Madell J R, Sculerati N
New York (NY) League for the Hard of Hearing, University School of Medicine, NY.
Arch Otolaryngol Head Neck Surg. 1991 Mar;117(3):332-5. doi: 10.1001/archotol.1991.01870150100015.
Younger siblings of children with sensorineural hearing loss of possible hereditary cause underwent interval audiologic examination. Seven siblings (in unrelated families) were found to have progressive sensorineural hearing loss despite early audiograms documenting normal hearing levels for age. Continued testing of these children allowed for early identification and intervention.
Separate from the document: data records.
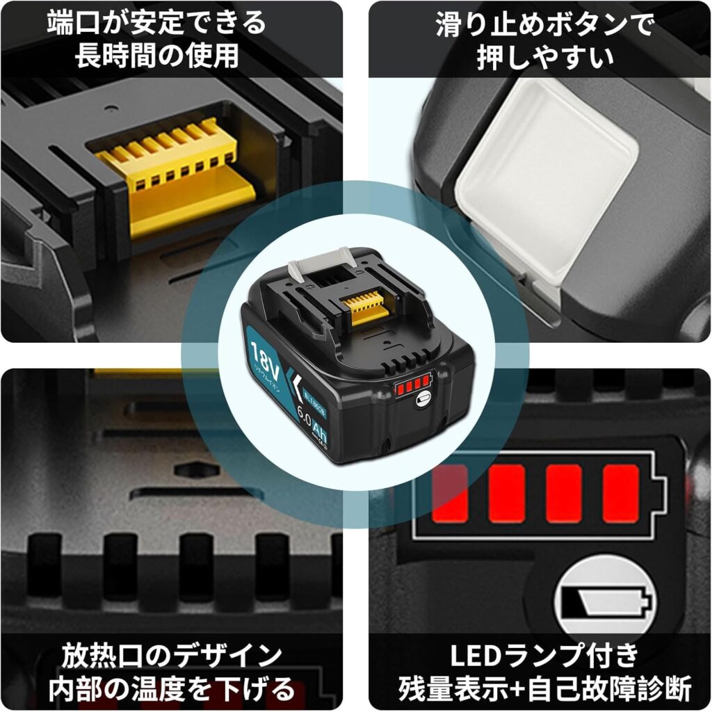 「独立した検証チャンネルの動画を見ると、実容量が公称の6.0Ahより少なかったという報告があります。重作業で長時間使うと純正品との差を体感できる気がします。」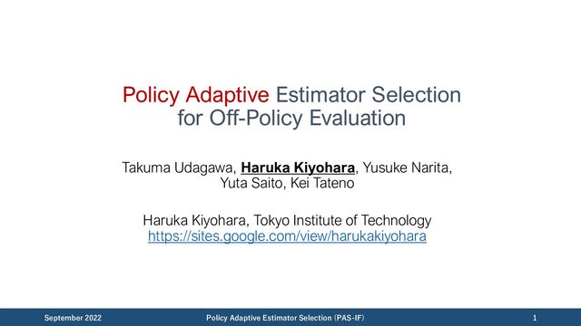 Tree for Learning with Partial Labels.” KDD, 2009. [Precup+,00] Doina Precup, Richard S. Sutton, and Satinder Singh. “Eligibility Traces for Off-Policy Policy Evaluation.” ICML, 2000. https://scholarworks.umass.edu/cgi/viewcontent.cgi?article=1079&context=cs_facult y_pubs [Strehl+,10] Alex Strehl, John Langford, Sham Kakade, and Lihong Li. “Learning from Logged Implicit Exploration Data.” NeurIPS, 2010. https://arxiv.org/abs/1003.0120 [Dudík+,14] Miroslav Dudík, Dumitru Erhan, John Langford, and Lihong Li. “Doubly Robust Policy Evaluation and Optimization.” ICML, 2011. https://arxiv.org/abs/1503.02834 September 2022 Policy Adaptive Estimator Selection (PAS-IF) 56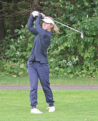 In this Sept. 4, 2025 file photo, Rhinelander’s Claire Yunkers hits a shot on the par-4 12 hole at Northwood Golf Club during a non-conference girls’ golf match Thursday, Sept. 4. Yunkers had the second best scoring average for the Hodags this fall at 59.3 strokes per nine holes. (Jeremy Mayo/River News)Anderson earned the team’s most valuable player award with the lowest scoring average on the squad — averaging 51.7 strokes per nine holes during the season.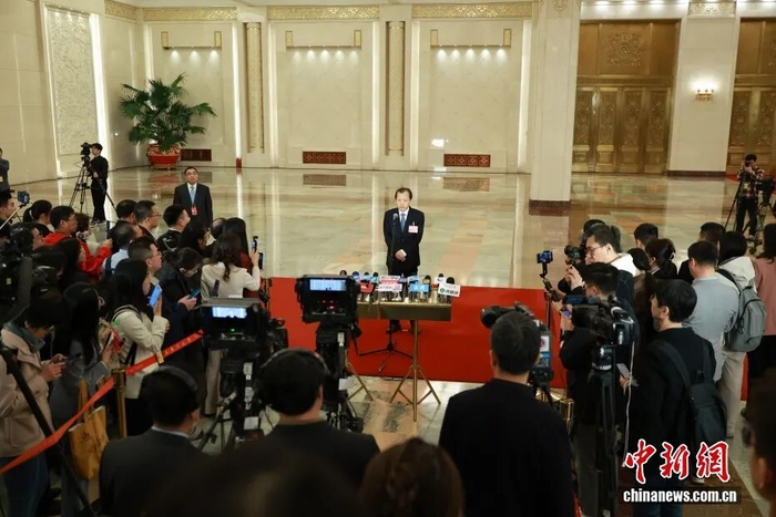 3月9日,十四届全国人大四次会议第二场“部长通道”集中采访活动在北京人民大会堂举行。图为中国交通运输部部长刘伟接受媒体采访。中新社记者 蒋启明 摄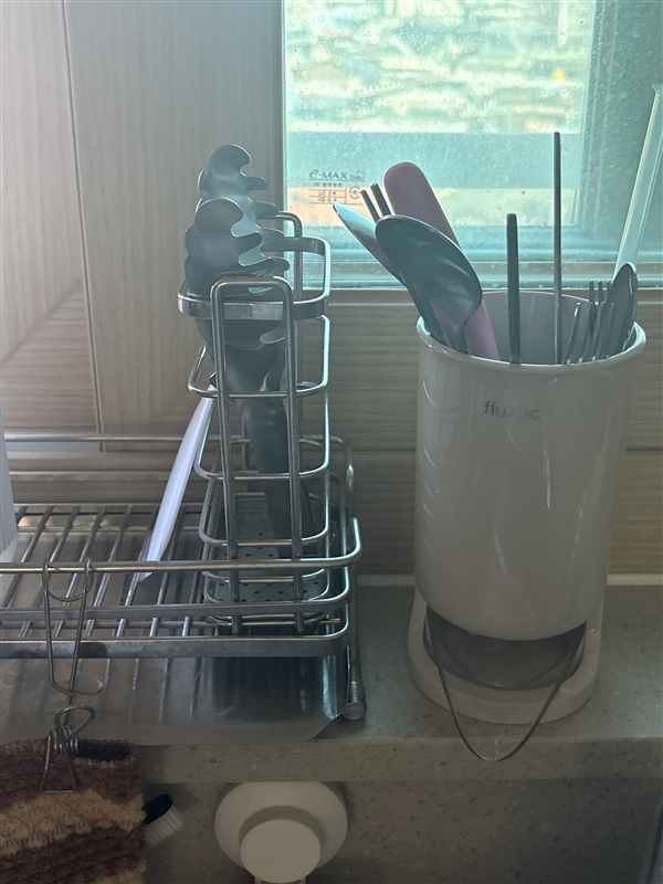 스뎅소재는 녹이 슬어서 수저통 하나 바꾸고 싶다하던 찰나에 보고 주문했어요. 저는 소재가 무거운 유리? 느낌인줄 알았는데 가벼운 플라스틱 소재네요~ 디자인이 심플하고 색이 베이지라 은은하니 부엌에 잘 어울려요. 밑에 물빠짐통도 두가지인데 미끄럼틀처럼 내려와있는걸로 쓰니 물이 바로비로 빠져서 좋아요.
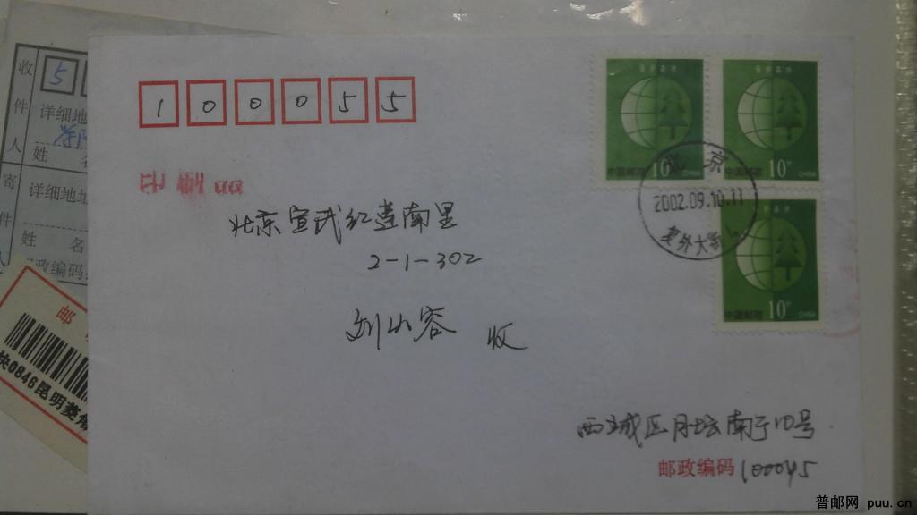 普30-10分实寄封(齿孔移位)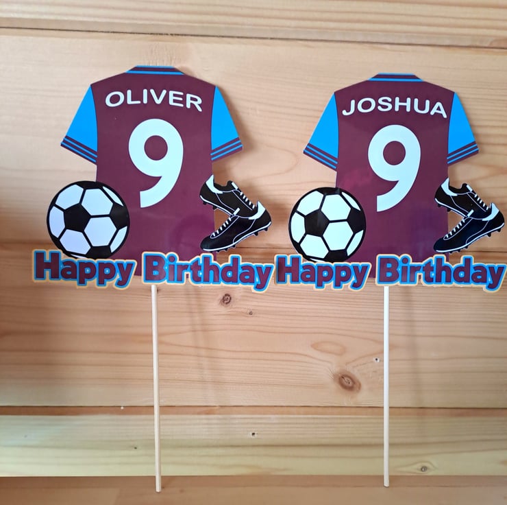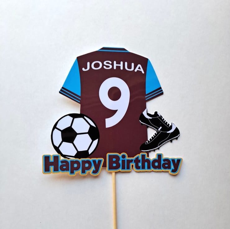 West Ham style cake topper personalised.. Printed onto high quality card and laminated for a glossy wipe clean surface. This customised topper is approx.13cm wide x 12cm high to which a food safe skewer will be attached. A perfect cake decoration for football fans and football themed Birthday parties.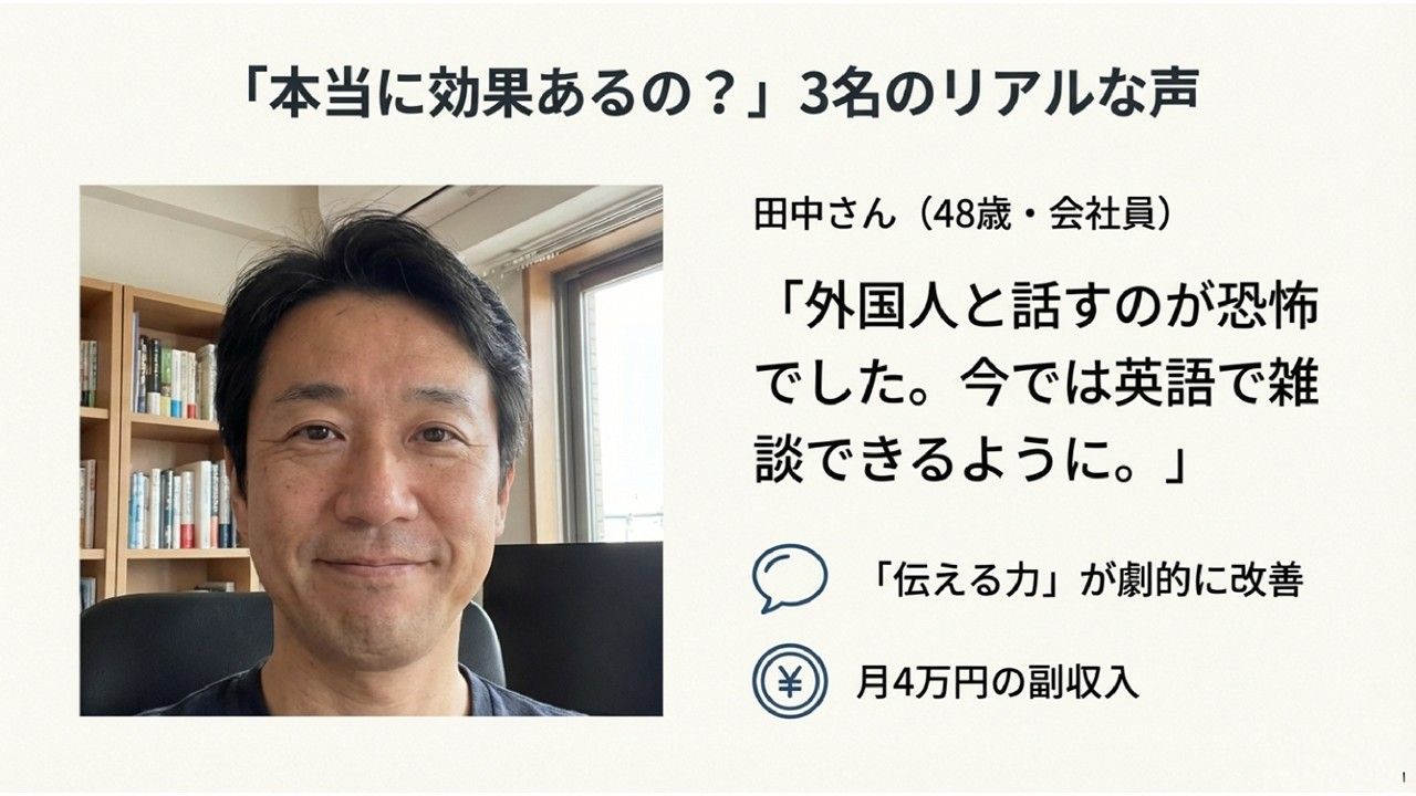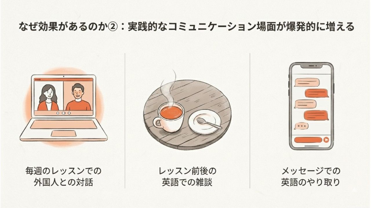 2つ目の理由は、実践的なコミュニケーション量が爆発的に増えることです。英語力を伸ばす決め手は、結局「生きた会話量」ですが、多くの人はここが圧倒的に不足しています。一方で日本語を学びたい外国人は世界中におり、国籍も多様です。実際に話してトライ&エラーを重ねた人から伸びるので、補助的に英語を使いながら日本語を教える経験は、一般的な英会話レッスン以上に濃い実戦になります。さらに、日本語を教えると立場が逆転し、練習にお金を払う側ではなく、報酬を得る側になれます。つまり「英語の実戦練習」と「副収入」を同時に得られるのです。

We advocate regular otolaryngologic and audiologic follow-up even after normal audiologic assessments are made for younger siblings of children with documented sensorineural hearing loss, unless a definite nongenetic origin of the hearing loss in the older child is known. Recessive sensorineural hearing loss with onset in infancy or childhood may present with no antecedent family history and with normal behavioral audiograms early in life.
可能由遗传因素导致感音神经性听力损失的儿童的弟弟妹妹们接受了定期听力检查。发现7名(来自不同家庭的)弟弟妹妹患有进行性感音神经性听力损失,尽管早期听力图显示其听力水平在同龄人中属正常。对这些儿童持续进行检测有助于早期识别和干预。我们主张,即使对已确诊有感音神经性听力损失的儿童的弟弟妹妹进行听力评估结果正常后,也应定期进行耳鼻喉科和听力方面的随访,除非已知年龄较大儿童的听力损失有明确的非遗传病因。婴儿期或儿童期起病的隐性感音神经性听力损失可能没有家族病史,且早期行为听力图正常。